En attendant, Repos Production a développé une application, disponible pour 5 euros 49 sur Google Play et l’App Store, et contenant les extensions Leaders et Cities pour 2 euros 29 chacune. Des prix qui peuvent paraître élevés si vous n’avez pas l’habitude d’acheter de jeux mobile, mais relativement dans la moyenne quand on les compare à d’autres productions comparables, surtout en sachant que ce 7 Wonders n’est développé que par deux personnes et encore en constante amélioration, et évidemment très faibles si on regarde le prix des jeux physiques.
Quelques photos en parleront mieux que mille mots. Pour s’adapter à la petite taille des écrans de téléphone portable, vous verrez que les informations ont été condensées de sorte qu’on peut avoir l’impression d’une trop grande densité. Il faut en fait appuyer sur une cité pour en faire apparaître les différentes caractéristiques, tandis qu’un appui long sur le nom d’une carte l’affiche entièrement, avec illustration et détails.
Il est assez difficile de recommander cette application si vous n’avez jamais joué à 7 Wonders. Ce n’est pas une question de difficulté (le tutoriel, pour le jeu de base comme pour les extensions, est vraiment très bien fait), mais d’adhésion. 7 Wonders est un jeu qui profite tellement du pouvoir immersif de son matériel, de ses illustrations, qu’on imagine difficilement quelqu’un être convaincu d’acheter le jeu de société après avoir essayé le jeu mobile (sauf justement pour passer à l’étape supérieure). D’autant que le jeu est si fluide que vous pourrez finir les trois âges en cinq minutes, sans vous rendre compte assez bien de la passionnante tacticité de 7 Wonders. Peut-être aurais-je préféré qu’à la manière du portage d’Isle of Skye, l’écran de jeu prenne l’espace nécessaire pour déployer notre Cité, nous laissant regarder les cartes de nos adversaires seulement en cliquant sur le nom de leur Cité ? Difficile à dire bien sûr sans avoir eu cette proposition sous les yeux, et il est évident que l’on aurait risqué de perdre cette fois en tacticité (avec la capacité à embrasser toutes les Cités d’un seul regard) pour gagner en immersion…
Je suis pourtant très loin de la condamner : il me semble qu’elle représente un formidable plus pour les joueurs habitués au jeu physique, et pouvant donc profiter pleinement de ce que l’application leur apporte, malgré son abstraction relative. Ceux-là seront ravis de pouvoir jouer même en l’absence de leurs habituels compagnons, soit contre eux en ligne, soit contre des joueurs inconnus, soit hors ligne contre des intelligences artificielles, de trois à sept joueurs, et verront assurément la concision des parties comme un véritable plus pour les enchaîner, poursuivre leur appropriation du jeu et parfaire leur stratégie.

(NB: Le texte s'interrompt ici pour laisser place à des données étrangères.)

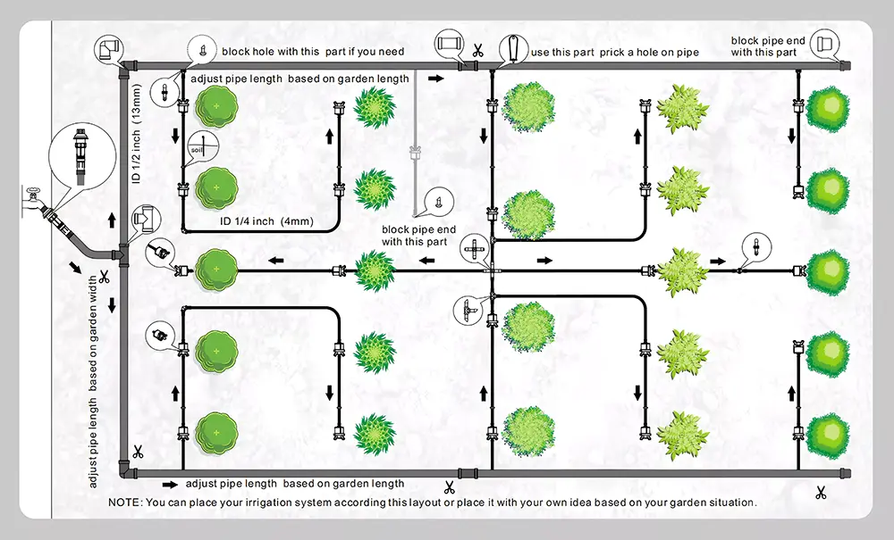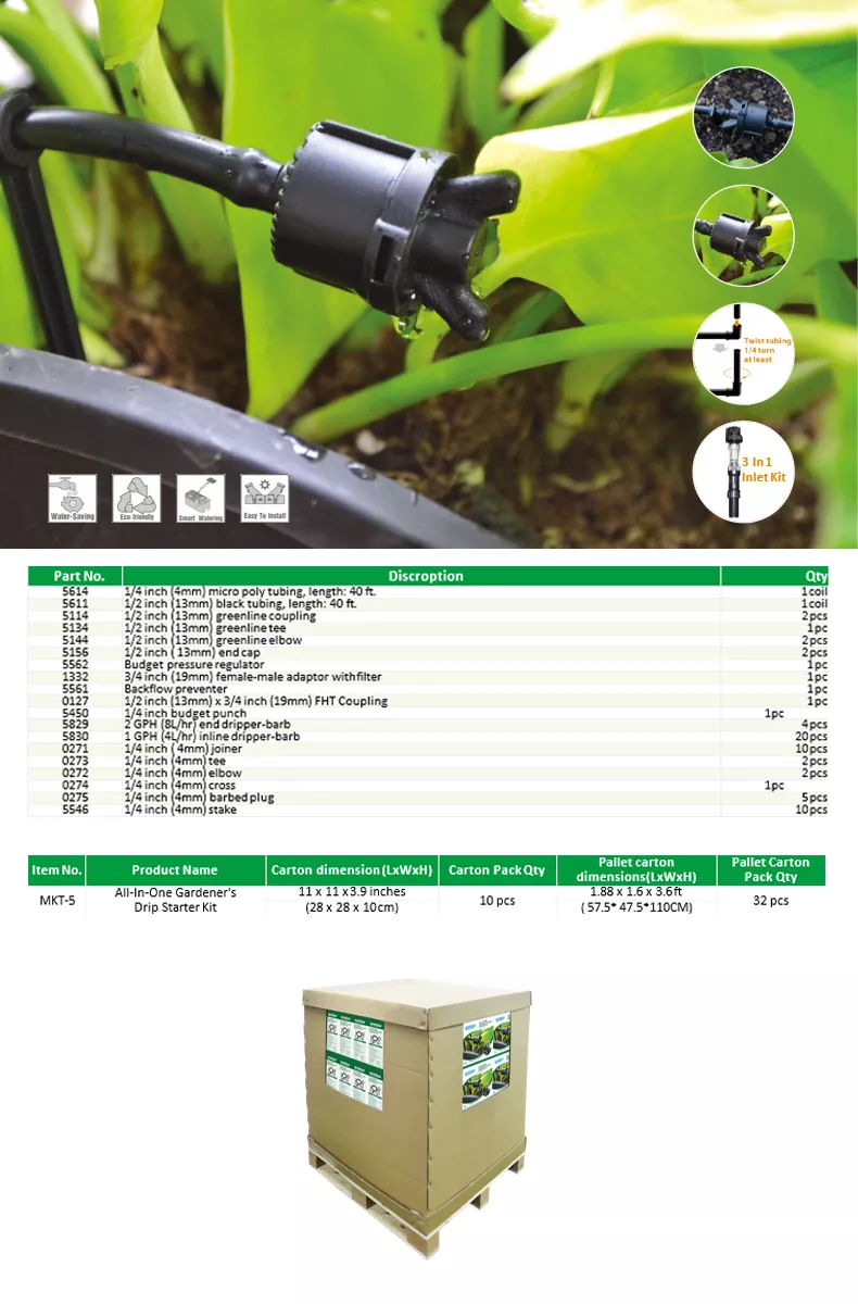 Alt-i-et drypstartersæt til gartnere hjælper dig med at bygge dit eget kunstvandingssystem, drypvandingssæt er en effektiv og vandbesparende løsning til landbrugs-, havebrugs- og havebrugsbehov. De leverer vand direkte til planterødderne, minimerer spild og maksimerer plantesundheden.

7 Wonders : une des merveilles du jeu de société
Malgré sa publication en 2010, donc relativement récente, il y a longtemps que 7 Wonders est considéré comme un jeu de société culte et comme un classique. Si on peut ne pas apprécier sa part d’aléa, son système de score varié, le partage des mains (pour essayer de deviner les reproches qu’un joueur avec des goûts très pointus pourrait lui adresser), il est impossible d’être insensible à sa force de proposition, graphique et mécanique. 7 Wonders est en effet un jeu superbe, accessible et riche, qui a le luxe de se renouveler régulièrement, ce qui en fait sans aucun doute une de ces merveilles du jeu de société qu’il est simplement impensable de ne pas au moins essayer.